### Work task
Copy from the first line below down to and including the line with "What you see". Skip the pictures.

:: Supplied material ::

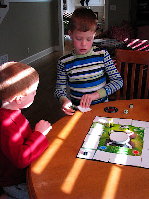 Fight aliens with Liam’s new Ben Ten Alien Force boardgame that he bought at Walgreen’s with his allowance that has been played umpteen times in the past four days.
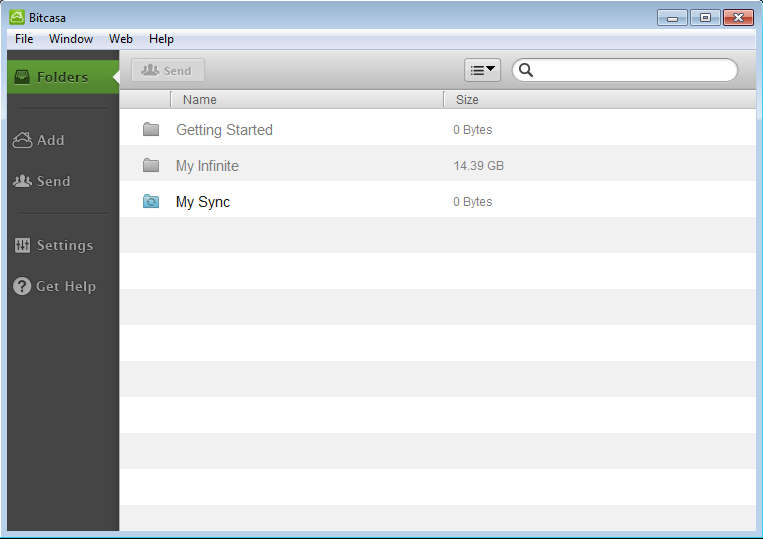 What you see on the screen above is what waits for your after you’ve successfully registered and logged in with your Bitcasa credentials in the main application, which is available for free download. Since this is online storage service it can also be accessed on the main website, by logging in:
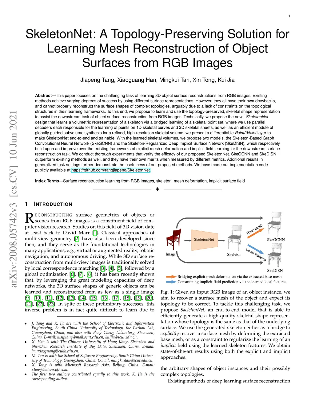 This paper focuses on the challenging task of learning 3D object surface reconstructions from RGB images. Existingmethods achieve varying degrees of success by using different surface representations. However, they all have their own drawbacks,and cannot properly reconstruct the surface shapes of complex topologies, arguably due to a lack of constraints on the topologicalstructures in their learning frameworks. To this end, we propose to learn and use the topology-preserved, skeletal shape representationto assist the downstream task of object surface reconstruction from RGB images. Technically, we propose the novelSkeletonNetdesign that learns a volumetric representation of a skeleton via a bridged learning of a skeletal point set, where we use paralleldecoders each responsible for the learning of points on 1D skeletal curves and 2D skeletal sheets, as well as an efficient module ofglobally guided subvolume synthesis for a refined, high-resolution skeletal volume; we present a differentiablePoint2Voxellayer tomake SkeletonNet end-to-end and trainable. With the learned skeletal volumes, we propose two models, the Skeleton-Based GraphConvolutional Neural Network (SkeGCNN) and the Skeleton-Regularized Deep Implicit Surface Network (SkeDISN), which respectivelybuild upon and improve over the existing frameworks of explicit mesh deformation and implicit field learning for the downstream surfacereconstruction task. We conduct thorough experiments that verify the efficacy of our proposed SkeletonNet. SkeGCNN and SkeDISNoutperform existing methods as well, and they have their own merits when measured by different metrics. Additional results ingeneralized task settings further demonstrate the usefulness of our proposed methods. We have made both our implementation codeand the ShapeNet-Skeleton dataset publicly available at ble at https://github.com/tangjiapeng/SkeletonNet.
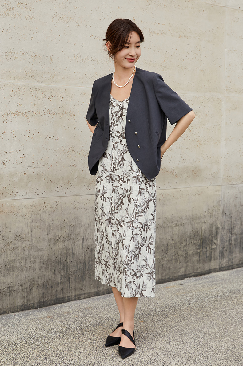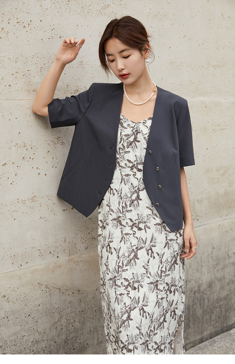 法式温柔风米白色小香风短袖外套女 圆领单排扣短款小西装 小个子通勤百搭开衫
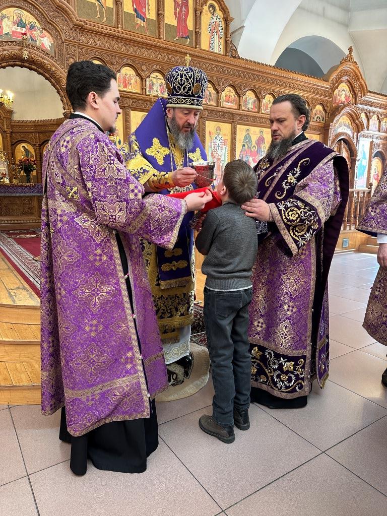 Проповедь перед Причастием произнёс священник Константин Дьяков. По окончании Литургии был совершен чин Торжества Православия и возглашено многолетие Святейшему Патриарху Кириллу, всему освященному собору, и всем, в православии и благочестии подвизающимся, после чего архиепископ Амфилохий обратился к многочисленным верующим со словами проповеди:
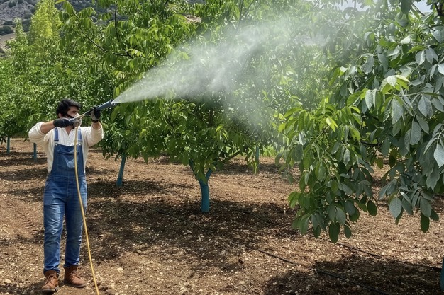 "In tegenstelling tot kascoatings creëert Cropshader een dun laagje witte stippen op bladeren en vruchten, waardoor de temperatuur wordt verlaagd en de fotosynthetische activiteit wordt bevorderd," zegt Özkan. Cropshader is erkend als EU-biostimulant voor planten zoals citrus, noten, appels, peren en olijven en bevat naast calciumcarbonaat ook een UVB-reflecterend pigment. "Het gebruik van zetmeelbindmiddelen betekent dat er geen microplastics zijn, in tegenstelling tot de acrylbindmiddelen die momenteel beschikbaar zijn. Het product is eveneens eenvoudig te gebruiken, aangezien de vloeibare samenstelling de spuitmonden van apparatuur niet blokkeert. Uit proeven blijkt dat er minder zonnebrand optreedt dan bij kaolienalternatieven, en het biedt tevens bescherming tegen bladverbranding," verduidelijkt hij.
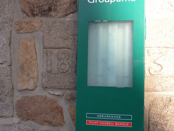 Date cachée par un panneau publicitaire sur une maison traditionnelle du bourg (Début 19ème siècle)Immatriculation
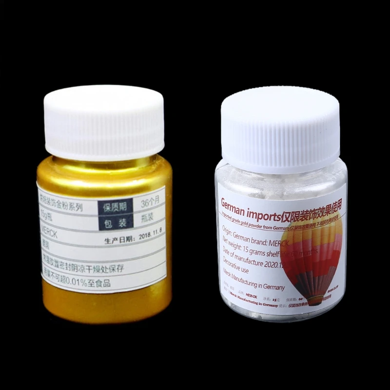 Это банка безопасного и съедобного порошка, который можно добавить в выпечку, пирожные, печенье, шоколад, улучшая качество товаров, украшая еду и демонстрируя ее роскошный и уникальный стиль.
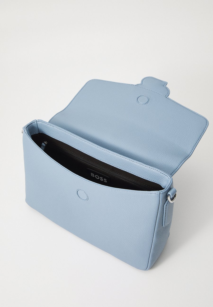 Фирменная сумка-седло от BOSS Womenswear. Эта сумка с мягкой монограммой Double B на застежке изготовлена из зернистой синтетической ткани с покрытием. Синтетическая ткань с покрытием, иногда называемая искусственной кожей, - это ткань, созданная для того, чтобы имитировать натуральную кожу и/или иметь матовую, глянцевую, гладкую или текстурированную поверхность с покрытием. Размеры: 29 x 21 x 9 см. Отделения: отделение на молнии, основное отделение.Материал и уход
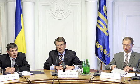 | Ющенко и Петр Пилипчук (слева). На встрече впервые в своем новом качестве присутствовал Арсений Яценюк. Фото пресс-службы президента |

:::

### Your response
 Fight aliens with Liam’s new Ben Ten Alien Force boardgame that he bought at Walgreen’s with his allowance that has been played umpteen times in the past four days.
 What you see on the screen above is what waits for your after you’ve successfully registered and logged in with your Bitcasa credentials in the main application, which is available for free download. Since this is online storage service it can also be accessed on the main website, by logging in:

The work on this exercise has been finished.